#### Try it
An exact transcription of all the records below is required, without any images.

#### Input for this task

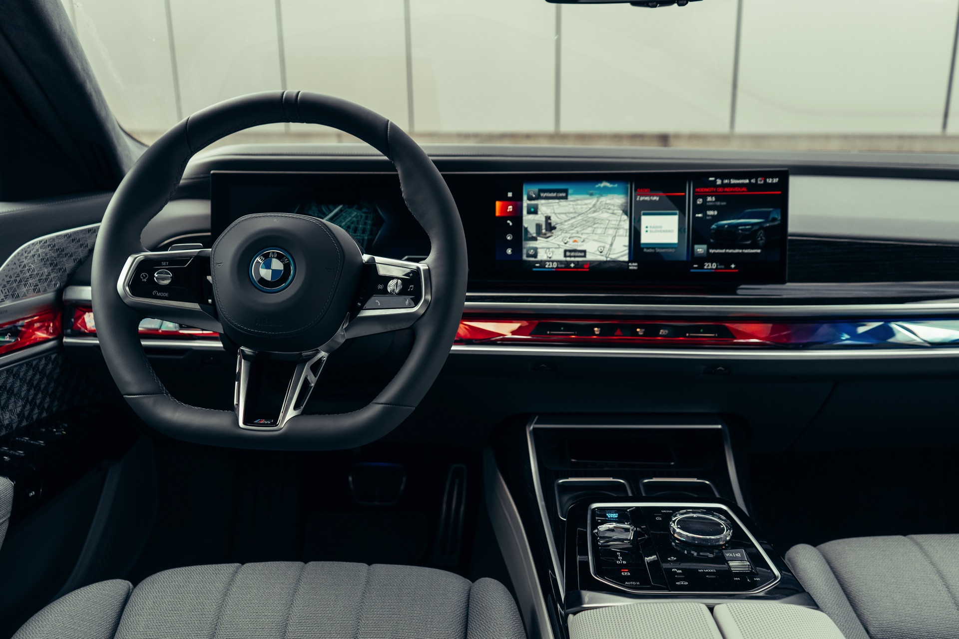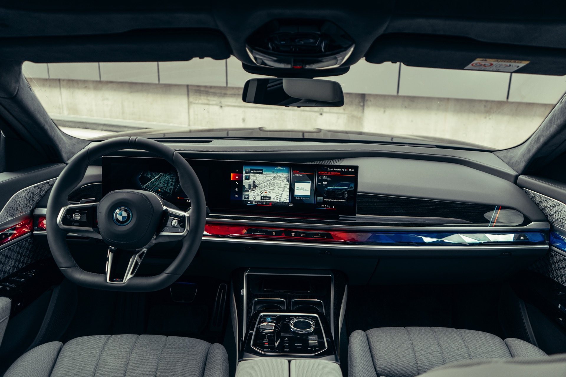 Im Fond sehen wir ein weiteres Mal den imposanten Theatre Screen und die in die Türen integrierten Touchscreen-Displays, die den Passagieren die Steuerung des 31-Zoll-Touchscreens erleichtern. Wie überzeugend sich der neue BMW i7 fährt, beschreiben wir in unserem ausführlichen Fahrbericht.
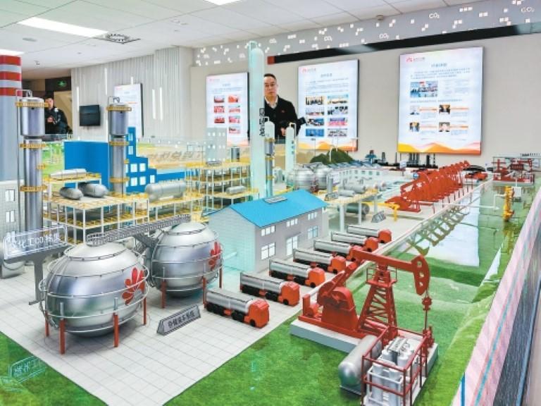 “把工业排放的二氧化碳‘抓’起来、用起来、存起来,既守住了减排底线,又稳住了生产大盘。”在延长石油CCUS展示中心,一块精细的沙盘模型直观展示了“低渗致密油藏二氧化碳利用与封存一体化关键技术”这项硬核减碳技术的实际应用场景——延安安塞杏子川采油厂化38注气站。“我们在这里打造了‘CCUS+新能源’模式。”延长石油CCUS研究中心高级工程师王苛宇介绍,该项目区每年可注入36万吨二氧化碳,相当于植树324万棵,节水108万立方米;配套的风光发电项目年发电320万千瓦时,可满足示范区日常用电需求。通过捕集煤化工排放的二氧化碳并用于驱油封存,实现了经济效益与生态效益的双赢。
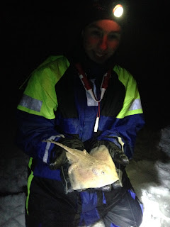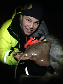 Vi hörde totalt om 15 fångade rockor i Skredsvik denna dag vilket måste ses som ett historiskt bra fiske. Dessutom kom det upp rariteter som bergvar och lerskädda från isen denna dag som istället för strålande sol bjöd på snö, kall nordan och stålande fiske!
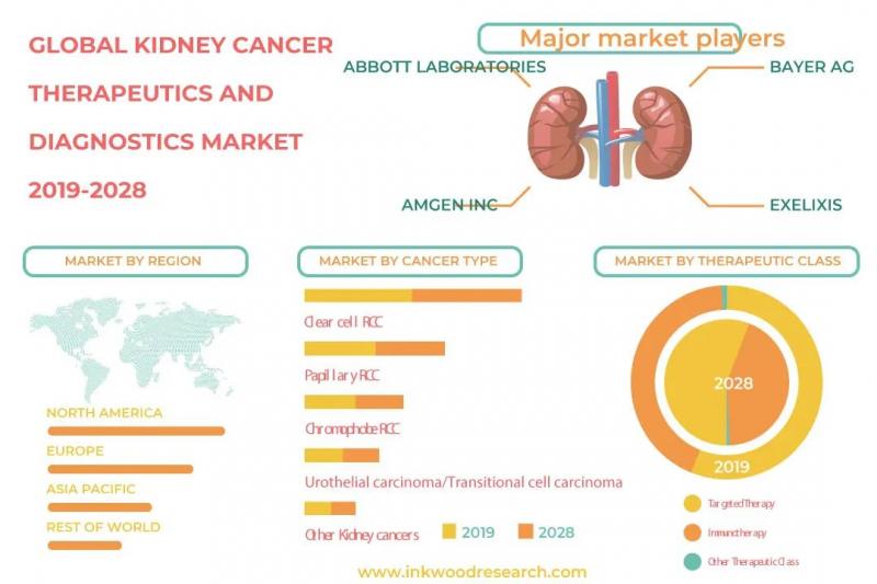 According to a new market research report launched by Inkwood Research, the Global Kidney Cancer Therapeutics and Diagnostics Market is growing at a CAGR of 5.52% during the forecasting period. In terms of revenue, the market is projected to rise around $7966.9 million by 2028.Browse 58 market data Tables and 48 figures spread over 210 Pages, along with in-depth analysis on Global Kidney Cancer Therapeutics and Diagnostics Market by Cancer Type, Component & by Geography
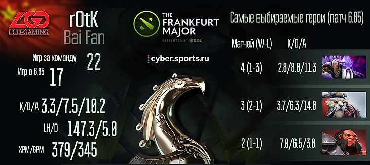Самого rOtK тоже вряд ли можно назвать примером для подражания. Заняв любимую тяжелую линию, он стал часто ошибаться, иногда полностью проваливая матч, несмотря на старания своей команды. В качестве примера можно вспомнить серию LGD–Virtus.Pro на MLG, где «медведи» просто разнесли соперника. Что случилось с китайским коллективом в тот момент – сложно сказать, но игра rOtK была ужасна.
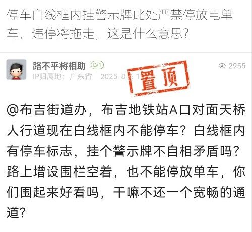 針對(duì)市民提及“白線框內(nèi)有停車(chē)標(biāo)志,掛個(gè)警示牌不自相矛盾嗎?”的問(wèn)題。經(jīng)核實(shí),市民提及的問(wèn)題處已被規(guī)劃為不可停放區(qū)域,禁停標(biāo)識(shí)及鐵馬圍擋是為清除白線框施工而設(shè)置的臨時(shí)空間預(yù)留措施,對(duì)此給市民帶來(lái)的誤解以及不便,我們深表歉意。目前該處白線停車(chē)框及禁停標(biāo)識(shí)已一并清除。

#### Exercise answer
 Im Fond sehen wir ein weiteres Mal den imposanten Theatre Screen und die in die Türen integrierten Touchscreen-Displays, die den Passagieren die Steuerung des 31-Zoll-Touchscreens erleichtern. Wie überzeugend sich der neue BMW i7 fährt, beschreiben wir in unserem ausführlichen Fahrbericht.
 “把工业排放的二氧化碳‘抓’起来、用起来、存起来,既守住了减排底线,又稳住了生产大盘。”在延长石油CCUS展示中心,一块精细的沙盘模型直观展示了“低渗致密油藏二氧化碳利用与封存一体化关键技术”这项硬核减碳技术的实际应用场景——延安安塞杏子川采油厂化38注气站。“我们在这里打造了‘CCUS+新能源’模式。”延长石油CCUS研究中心高级工程师王苛宇介绍,该项目区每年可注入36万吨二氧化碳,相当于植树324万棵,节水108万立方米;配套的风光发电项目年发电320万千瓦时,可满足示范区日常用电需求。通过捕集煤化工排放的二氧化碳并用于驱油封存,实现了经济效益与生态效益的双赢。
 Vi hörde totalt om 15 fångade rockor i Skredsvik denna dag vilket måste ses som ett historiskt bra fiske. Dessutom kom det upp rariteter som bergvar och lerskädda från isen denna dag som istället för strålande sol bjöd på snö, kall nordan och stålande fiske!
 According to a new market research report launched by Inkwood Research, the Global Kidney Cancer Therapeutics and Diagnostics Market is growing at a CAGR of 5.52% during the forecasting period. In terms of revenue, the market is projected to rise around $7966.9 million by 2028.Browse 58 market data Tables and 48 figures spread over 210 Pages, along with in-depth analysis on Global Kidney Cancer Therapeutics and Diagnostics Market by Cancer Type, Component & by Geography
Самого rOtK тоже вряд ли можно назвать примером для подражания. Заняв любимую тяжелую линию, он стал часто ошибаться, иногда полностью проваливая матч, несмотря на старания своей команды. В качестве примера можно вспомнить серию LGD–Virtus.Pro на MLG, где «медведи» просто разнесли соперника. Что случилось с китайским коллективом в тот момент – сложно сказать, но игра rOtK была ужасна.
 針對(duì)市民提及“白線框內(nèi)有停車(chē)標(biāo)志,掛個(gè)警示牌不自相矛盾嗎?”的問(wèn)題。經(jīng)核實(shí),市民提及的問(wèn)題處已被規(guī)劃為不可停放區(qū)域,禁停標(biāo)識(shí)及鐵馬圍擋是為清除白線框施工而設(shè)置的臨時(shí)空間預(yù)留措施,對(duì)此給市民帶來(lái)的誤解以及不便,我們深表歉意。目前該處白線停車(chē)框及禁停標(biāo)識(shí)已一并清除。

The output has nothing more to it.